Dan AllahTa'ala berfirman: "Hai sekalian manusia, bertaqwalah kepada Robb kalian yang telah menciptakan kalian dari diri yang satu, daripadanya Allah menciptakan istrinya dan daripada keduanya Allah memperkembang biakkan laki-laki dan perempuan yang banyak. Dan bertaqwalah kepada Allah yang dengan (mempergunakan nama-Nya) kamu saling meminta satu sama lain, dan (peliharalah) hubungan silaturahmi. Sesungguhnya Allah selalu menjaga dan mengawasi kalian."
(QS. An Nisaa: 1).


Wa qola Allaahu Ta'ala: "Yaa ayyuhal ladziina aamanut taqullaah waquuluu qaulan sadiida yushlih lakum a'maalakum wa yaghfir lakum dzunuubakum wamayyuti 'illaah wa rasullahuu waqod faaza fauzan 'adzhiima."
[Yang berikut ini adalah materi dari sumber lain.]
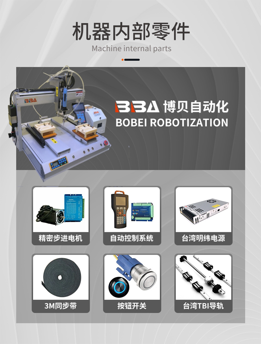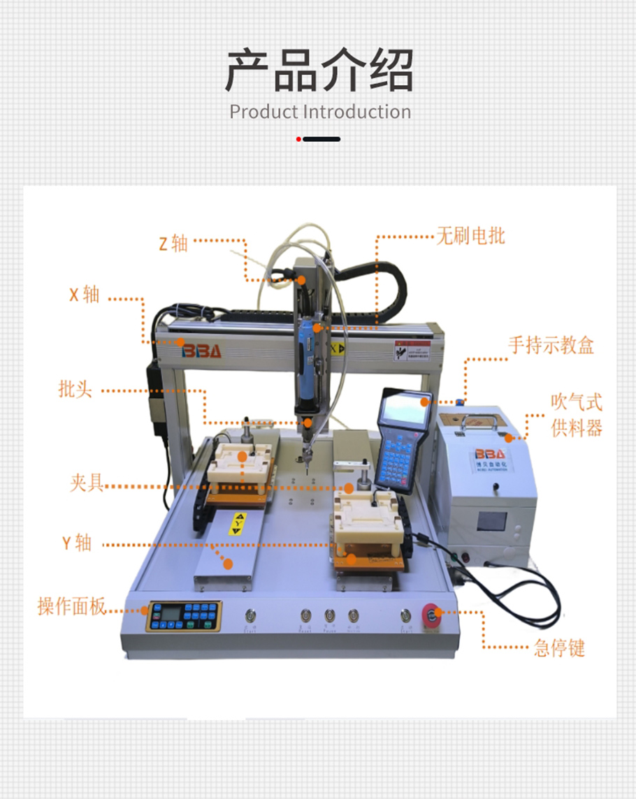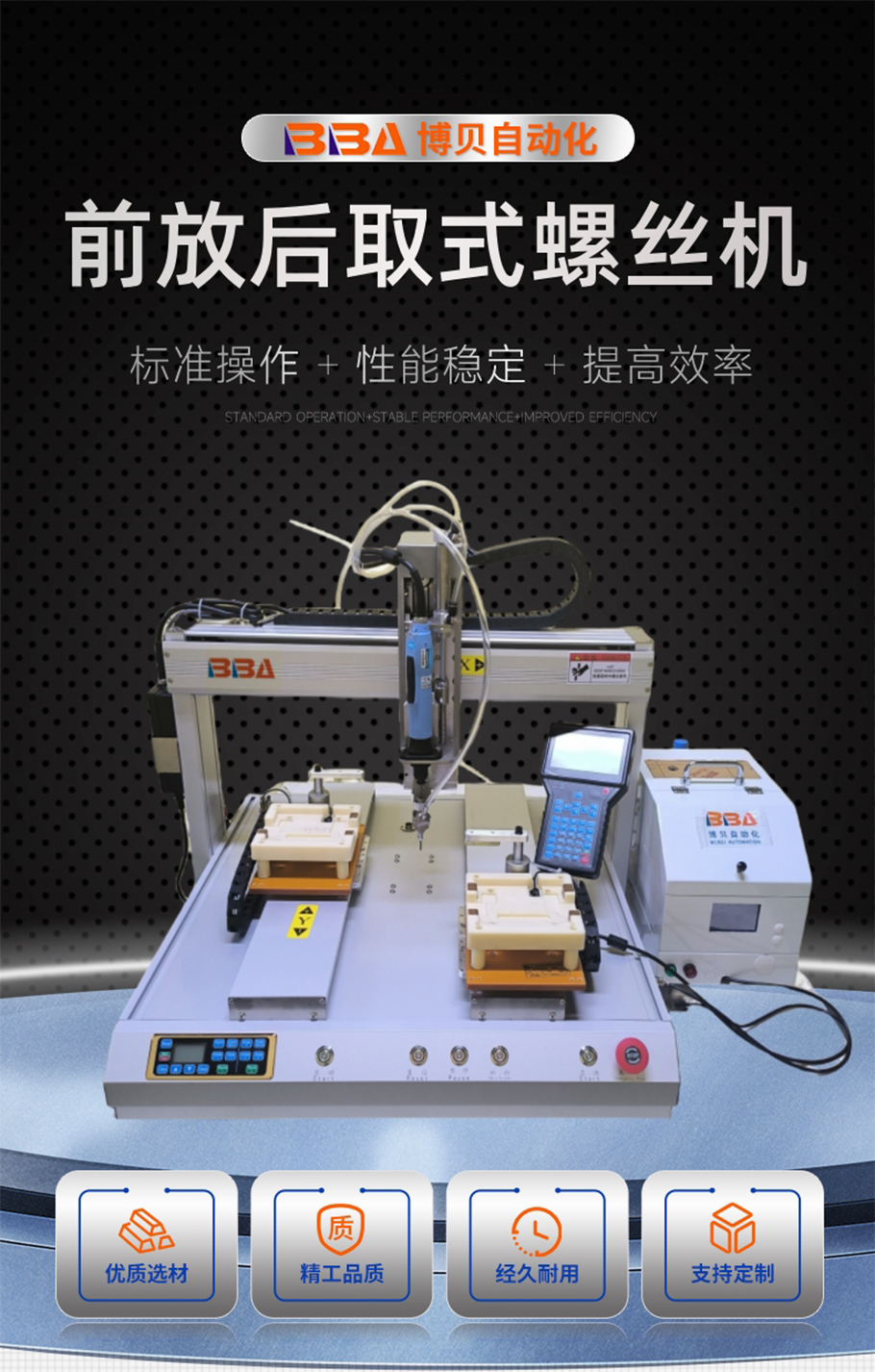 博貝自動化,是專門從事自動鎖螺絲機,自動擰螺絲機,自動打螺絲機的專業生產廠家。機(jī)器樣式多樣(yàng),亦可根(gēn)據產品定製機型。有單工位(wèi),雙工位,多工(gōng)位,在線式,單頭,雙頭及多(duō)頭(tóu)螺絲機供不同產品的(de)自動鎖螺絲的(de)需求。更多信息,請谘(zī)詢熱線:18617279323

Dan Allah Ta'ala berfirman: "Hai orang-orang yang beriman, bertaqwalah kalian kepada Allah dan katakanlah dengan perkataan yang benar, niscaya Allah akan memperbaiki bagi kalian amal-amal kalian dan mengampuni bagi kalian dosa-dosa kalian. Dan barangsiapa mentaati Allah dan Rasul-Nya maka sesungguhnya ia telah mendapat kemenangan yang besar."
(QS. Al Ahzab: 70-71).


Amma ba'du, "Fa inna ashdaqol hadiitsi kitaabullaah wa khairal hadi hadi muhammadin shallallaahu 'alaihi wasallam wasyarril umuuri muhdatsaa tuhaa wakulla muhdatsa tin bid'ah wakulla bid'atin dholaalah wakulla dholaalatin fiinnar."


Amma ba'du: "Sesungguhnya sebenar-benar perkataan adalah Kitabullah, dan sebaik-baik petunjuk adalah petunjuk Muhammad Shallallahu 'alaihi wasallam, dan sejelek-jelek perkara adalah yang diada-adakan, dan setiap yang diada-adakan adalah bid'ah, dan setiap bid'ah adalah sesat, dan setiap kesesatan ada di neraka."


Ringkasan "KITAB RIYADHUSH SHALIHIN"

Bab (253) Karamah dan Keutamaan Para Wali.


Allah 'Aza wa Jalla berfirman:


"Ingatlah wali-wali Allah itu, tidak ada rasa takut pada mereka dan mereka tidak bersedih hati. (Yaitu) orang-orang yang beriman dan senantiasa bertakwa. Bagi mereka berita gembira di dalam kehidupan di dunia dan di akhirat. Tidak ada perubahan bagi janji-janji Allah. Demikian itulah kemenangan yang agung."
(QS. Yunus: 62-64).


Karamah adalah kejadian luar biasa. Wali adalah orang yang taat kepada Allah 'Aza wa Jalla. Siapa pun yang bertakwa, dia adalah wali Allah.


Ibnu Abbas dan lainnya berkata, "Para wali Allah adalah orang-orang yang jika dilihat, mereka mengingatkan kepada Allah."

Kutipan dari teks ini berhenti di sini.